Subwoofers placement and technique is tricky business for the church sound engineer. On one hand, we want our mixes to be impactful and we want them to move people. On the other hand, subs are a common source of complaints in houses of worship, at least the ones that I’ve worked in.

How do you balance the need for low frequency impact with what I call the “bass complainers?” Well, the first thing you have to ask yourself is, how often are you getting complaints about the low end?

Just recently, I had someone tell me, “This is the second week that I received a complaint about the bass level in Contemporary Worship.” I honestly couldn’t remember the last time I heard a complaint about the low end, so despite feeling bad that someone didn’t have a good experience, I had to pass it off as an isolated incident.

If I think back over the long term, say the last ten years that I’ve been working at this same church, we have had very few complaints relative to the number of people who have come through the doors. Literally tens of thousands of people have attended our services, and we’ve gotten just a handful of serious complaints over the years. So while I want everyone to have an enjoyable time, it is just not possible to please every single person that comes through the doors.

‡‡         Placement and Positioning

Many of you have heard the age-old saying “two subs in the air equals one on the ground.” There is truth to this, of course, as the half-space loading of placing a subwoofer on the floor can provide additional output of up to 6 dB (less in the real world of course).

If you are debating whether you should fly or ground-stack your subwoofers, there are many factors aside from just level output alone. For one, consider the aesthetics of the system. I know it seems superficial, and I’m an audio guy after all, but I do care about how the system looks in our worship space.

On our most recent install, I was presented with several options by our AV integrator, such as ground-stacking, having all of the subs flown in the center in one column, having them flown next to the main arrays and having them flown behind the main arrays.

Presented with those options, I chose to have the subs flown behind the mains for several reasons. First, I preferred having the subs closely coupled to the mains, which ruled out ground-stacking and flying the subs in a single center column.

From a time alignment perspective, this made it easy to have the subs in phase with the low frequency drivers all the way through the crossover region, and it provides consistent time alignment from the front to the back of the room.

By having the subs closely coupled to the mains, I was also able to cross them over at a higher frequency, allowing the subs to bear the burden of reproducing the lows rather than relying too heavily on the 8-inch LF drivers in the mains.

Finally, I preferred the clean look of having the subs flown behind the mains.

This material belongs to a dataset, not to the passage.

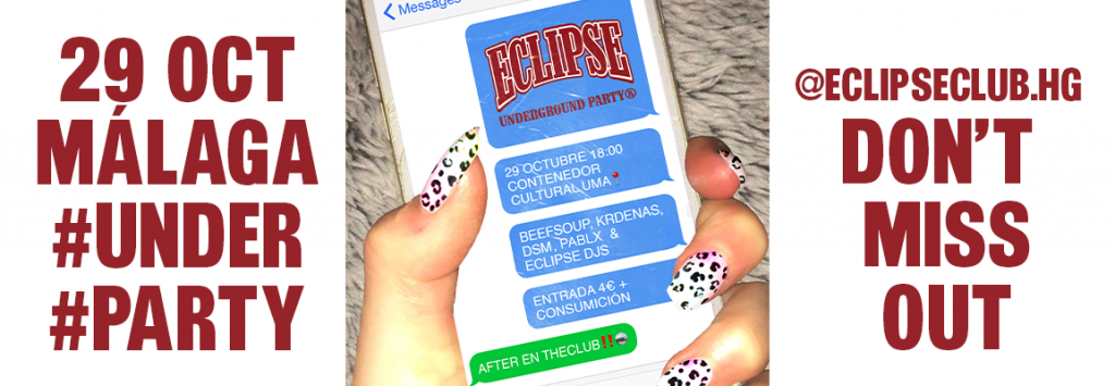 Málaga acoge la tercera edición de ECLIPSE, el evento que reúne a los más fans de la escena urbana underground. ECLIPSE no es solo una fiesta, sino también es una plataforma para catapultar jóvenes talentos, en esta edición dsm, Pablx y Beefsoup tendrán su oportunidad. Con otras dos ediciones a sus espaldas ECLIPSE viene a consolidarse. Si en la más reciente ya consiguió colgar el cartel de sold out, ¿quién sabe qué pasará esta vez?
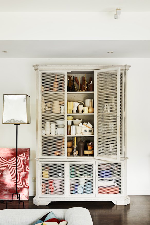 “Esse é o armário mais usado da casa e adoro como a malha permite ver os tesouros que tem dentro”, diz Lambos. A arte é de Aubrey Tjangala. Crédito: Armelle Habib

The length of the main array and the sub array are virtually identical, making the subs invisible for most congregants.

‡‡         To Cardioid or Not to Cardioid

Cardioid subwoofers must be one of the most talked about topics in the live sound industry over the past decade. If your subwoofers are putting too much low-end onto your stage, a cardioid sub array might be the answer.

While such arrays can provide amazing benefits when tuned correctly, they don’t come without a price. In our new building install, we didn’t own enough amplifier channels to put our subs in cardioid. Doing so would have required an additional four-channel amplifier to the tune of over $6,000.

In the interest of not spending unnecessary money, I opted not to do a cardioid array, and I’m glad I did. The way our subs are flown is such that they don’t put much energy onto the stage at all. Putting them in cardioid would have decreased our subwoofer output and provided little benefit in our case.

‡‡         Drive Techniques

There are numerous ways to drive subs from the console or from your loudspeaker processor. The first and most common option is to have the subwoofer feed derived from the stereo bus along with the rest of the P.A. This is the easiest option and most people I know learned to mix on a system setup this way.

Depending on your church’s talent pool, this could be your best option. If you regularly have volunteers mixing, having a separate subwoofer feed from an aux or a group might be more hassle than it is worth.

I run subs off of a mono subgroup to minimize the use of the separate subwoofer feed as a “sub level control.” Our inputs are either going to the subs or they’re not, plain and simple. If you need more low-end on your kick drum, go to your EQ for that, not to your subwoofer’s aux send!

Subs in houses of worship are a tricky beast to tame. Having gone through different iterations with subs on the ground and subs in the air, I would probably choose to have a combination of both if given the option in the future. While I love the flown subs closely coupled to the mains, you can lose some of the feeling when you don’t have any subs sitting directly on the floor hitting the audience directly in the chest.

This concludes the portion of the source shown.